I admit I still entertain the notion that maybe one day I'll meet the woman of my dreams and fall into eternal wedded bliss, start the perfect family and live happily ever after, though I readily admit that it will never happen if I continue to live the life I do. The fact is, whether any of that stuff happens or not, I DO want more for myself than what I've allowed myself thus far. I'm not sure exactly what that something more is or what it looks like, but I know it's out there somewhere. 

In the meantime, I want to make the best of the life I have always - it's so hard sometimes to "be here now" as they say. It's easy to live in the pain of the past or to lose yourself in the endless possibility of tomorrow's dreams. To really just look around you and to be happy with who you are today, right where you are, well I think that might be the best kind of happy ending any of us could ask for.


----------



## Shinobi_Hime-Sama (Jan 12, 2013)

I posted in the 20's forum on a similar topic, though now that I am about 3 months away from being 30 I wonder. See my sister had a son at 23 with one boyfriend at the time, now that boyfriend is an ex and since then she's had another son with another boyfriend so she's going to be 28 this year and already has two kids. I don't and I'm not even sure I want to go through all that pain. Also I hate being the center of attention and as soon as you start showing you're like in the spotlight forever and everyone suddenly wants to get all touchy-feely with you and up in your personal space bubble. 

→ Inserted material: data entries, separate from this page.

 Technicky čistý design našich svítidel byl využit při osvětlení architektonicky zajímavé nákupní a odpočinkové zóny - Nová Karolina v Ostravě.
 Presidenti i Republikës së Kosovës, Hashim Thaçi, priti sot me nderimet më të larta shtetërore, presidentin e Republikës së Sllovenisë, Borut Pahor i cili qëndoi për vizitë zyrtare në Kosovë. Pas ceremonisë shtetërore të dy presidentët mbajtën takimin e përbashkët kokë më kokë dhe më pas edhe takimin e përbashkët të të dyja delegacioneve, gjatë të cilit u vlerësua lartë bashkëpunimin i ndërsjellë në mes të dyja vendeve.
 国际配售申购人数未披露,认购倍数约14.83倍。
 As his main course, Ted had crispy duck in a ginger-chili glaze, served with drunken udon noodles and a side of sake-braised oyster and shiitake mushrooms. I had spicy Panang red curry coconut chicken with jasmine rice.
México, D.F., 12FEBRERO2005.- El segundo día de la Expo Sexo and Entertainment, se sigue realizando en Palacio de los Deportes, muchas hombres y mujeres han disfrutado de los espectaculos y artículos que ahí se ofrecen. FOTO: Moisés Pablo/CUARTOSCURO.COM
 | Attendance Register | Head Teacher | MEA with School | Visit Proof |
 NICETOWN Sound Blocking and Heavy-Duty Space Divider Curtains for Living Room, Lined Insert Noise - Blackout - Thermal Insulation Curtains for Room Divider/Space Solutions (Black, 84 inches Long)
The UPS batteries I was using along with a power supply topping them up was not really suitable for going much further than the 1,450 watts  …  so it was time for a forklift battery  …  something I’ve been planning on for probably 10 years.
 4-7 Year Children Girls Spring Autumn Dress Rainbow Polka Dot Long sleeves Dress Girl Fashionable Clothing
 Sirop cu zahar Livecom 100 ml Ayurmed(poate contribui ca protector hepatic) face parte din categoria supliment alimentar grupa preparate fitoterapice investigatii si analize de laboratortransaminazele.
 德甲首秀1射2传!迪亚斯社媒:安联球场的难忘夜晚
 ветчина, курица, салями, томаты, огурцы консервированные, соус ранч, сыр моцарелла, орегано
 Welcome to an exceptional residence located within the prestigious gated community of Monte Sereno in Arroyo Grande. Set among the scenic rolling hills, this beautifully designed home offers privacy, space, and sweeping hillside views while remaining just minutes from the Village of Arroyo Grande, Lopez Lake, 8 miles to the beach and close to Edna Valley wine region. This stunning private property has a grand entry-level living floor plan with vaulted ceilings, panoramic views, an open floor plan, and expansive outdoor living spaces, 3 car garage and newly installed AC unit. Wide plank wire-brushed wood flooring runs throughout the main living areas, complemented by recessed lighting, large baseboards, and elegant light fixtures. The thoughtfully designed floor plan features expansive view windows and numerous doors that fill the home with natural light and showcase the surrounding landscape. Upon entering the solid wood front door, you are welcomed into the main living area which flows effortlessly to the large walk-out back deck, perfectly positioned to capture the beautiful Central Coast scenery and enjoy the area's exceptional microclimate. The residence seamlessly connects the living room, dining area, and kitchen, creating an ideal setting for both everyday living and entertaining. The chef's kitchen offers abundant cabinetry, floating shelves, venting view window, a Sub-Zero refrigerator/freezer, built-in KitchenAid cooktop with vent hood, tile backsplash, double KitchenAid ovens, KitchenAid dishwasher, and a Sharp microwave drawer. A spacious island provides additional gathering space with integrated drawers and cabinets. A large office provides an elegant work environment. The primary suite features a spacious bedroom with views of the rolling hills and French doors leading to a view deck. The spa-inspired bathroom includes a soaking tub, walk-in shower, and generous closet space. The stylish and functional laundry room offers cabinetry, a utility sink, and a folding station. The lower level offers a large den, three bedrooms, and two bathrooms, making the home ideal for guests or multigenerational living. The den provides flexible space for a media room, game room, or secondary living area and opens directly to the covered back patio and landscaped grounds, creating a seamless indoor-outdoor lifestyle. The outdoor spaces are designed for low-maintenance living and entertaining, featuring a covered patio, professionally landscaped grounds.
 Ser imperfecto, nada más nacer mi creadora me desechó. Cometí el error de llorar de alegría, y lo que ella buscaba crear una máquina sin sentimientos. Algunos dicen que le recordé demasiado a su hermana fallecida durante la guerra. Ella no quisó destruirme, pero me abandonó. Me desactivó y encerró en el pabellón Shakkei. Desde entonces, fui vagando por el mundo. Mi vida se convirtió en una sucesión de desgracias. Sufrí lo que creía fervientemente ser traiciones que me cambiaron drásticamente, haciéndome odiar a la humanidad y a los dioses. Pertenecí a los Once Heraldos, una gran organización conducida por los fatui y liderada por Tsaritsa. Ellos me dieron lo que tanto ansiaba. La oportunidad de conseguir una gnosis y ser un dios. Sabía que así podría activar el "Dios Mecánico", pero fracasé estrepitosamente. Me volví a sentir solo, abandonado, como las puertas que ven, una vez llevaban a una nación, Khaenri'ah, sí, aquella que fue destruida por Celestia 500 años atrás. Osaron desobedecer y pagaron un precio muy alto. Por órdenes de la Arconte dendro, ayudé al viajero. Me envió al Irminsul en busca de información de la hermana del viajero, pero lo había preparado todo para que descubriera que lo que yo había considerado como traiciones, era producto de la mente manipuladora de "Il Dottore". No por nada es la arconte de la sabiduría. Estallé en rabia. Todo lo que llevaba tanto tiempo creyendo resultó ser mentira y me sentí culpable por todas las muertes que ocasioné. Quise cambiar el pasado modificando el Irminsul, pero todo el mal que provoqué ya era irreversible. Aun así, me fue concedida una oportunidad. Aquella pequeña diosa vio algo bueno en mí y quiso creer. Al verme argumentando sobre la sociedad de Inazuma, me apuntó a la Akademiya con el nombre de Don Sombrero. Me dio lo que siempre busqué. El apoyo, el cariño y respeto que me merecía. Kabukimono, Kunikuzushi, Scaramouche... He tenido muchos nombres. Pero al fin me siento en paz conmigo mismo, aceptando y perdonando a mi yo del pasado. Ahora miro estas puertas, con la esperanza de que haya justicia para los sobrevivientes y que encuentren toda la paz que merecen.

I have seen it happen, one of the girls I used to work at Wal-Mart with got pregnant and all of a sudden every one of her customers, usually the older ladies who came through her line, wanted to touch her belly and it freaked her out. Hell, it even freaked me out and I wasn't the one who was pregnant. I don't want that attention on me, it scares the hell out of me. And I have no job or money coming in so no financial means to support a kid and trust me, no one wants to hire a pregnant girl.


----------



## ecogeek (Mar 2, 2013)

I just had this discussion the other day with my man friend. We are both 29 and both think it would be a nice notion SOMEDAY. Me personally, I know that the instinct is definitely there, but it is not right for me now. If it isn't ever, so be it. I was married for eight years. Got married VERY young. (Horrible idea by the way.) I'm so damn grateful no children were involved. I just look at my sense of humor, the things I find funny, the way I choose to live my life, the things I like to do and how I spend my time and know that for now I am much happier child free. I have certain ideas of what I would like to be able to give a child and know that I cannot meet those standards currently. Maybe one day. Maybe not.


----------



## CaAggieGirl (Apr 14, 2013)

So as of yesterday, I am 30, not married, no kids.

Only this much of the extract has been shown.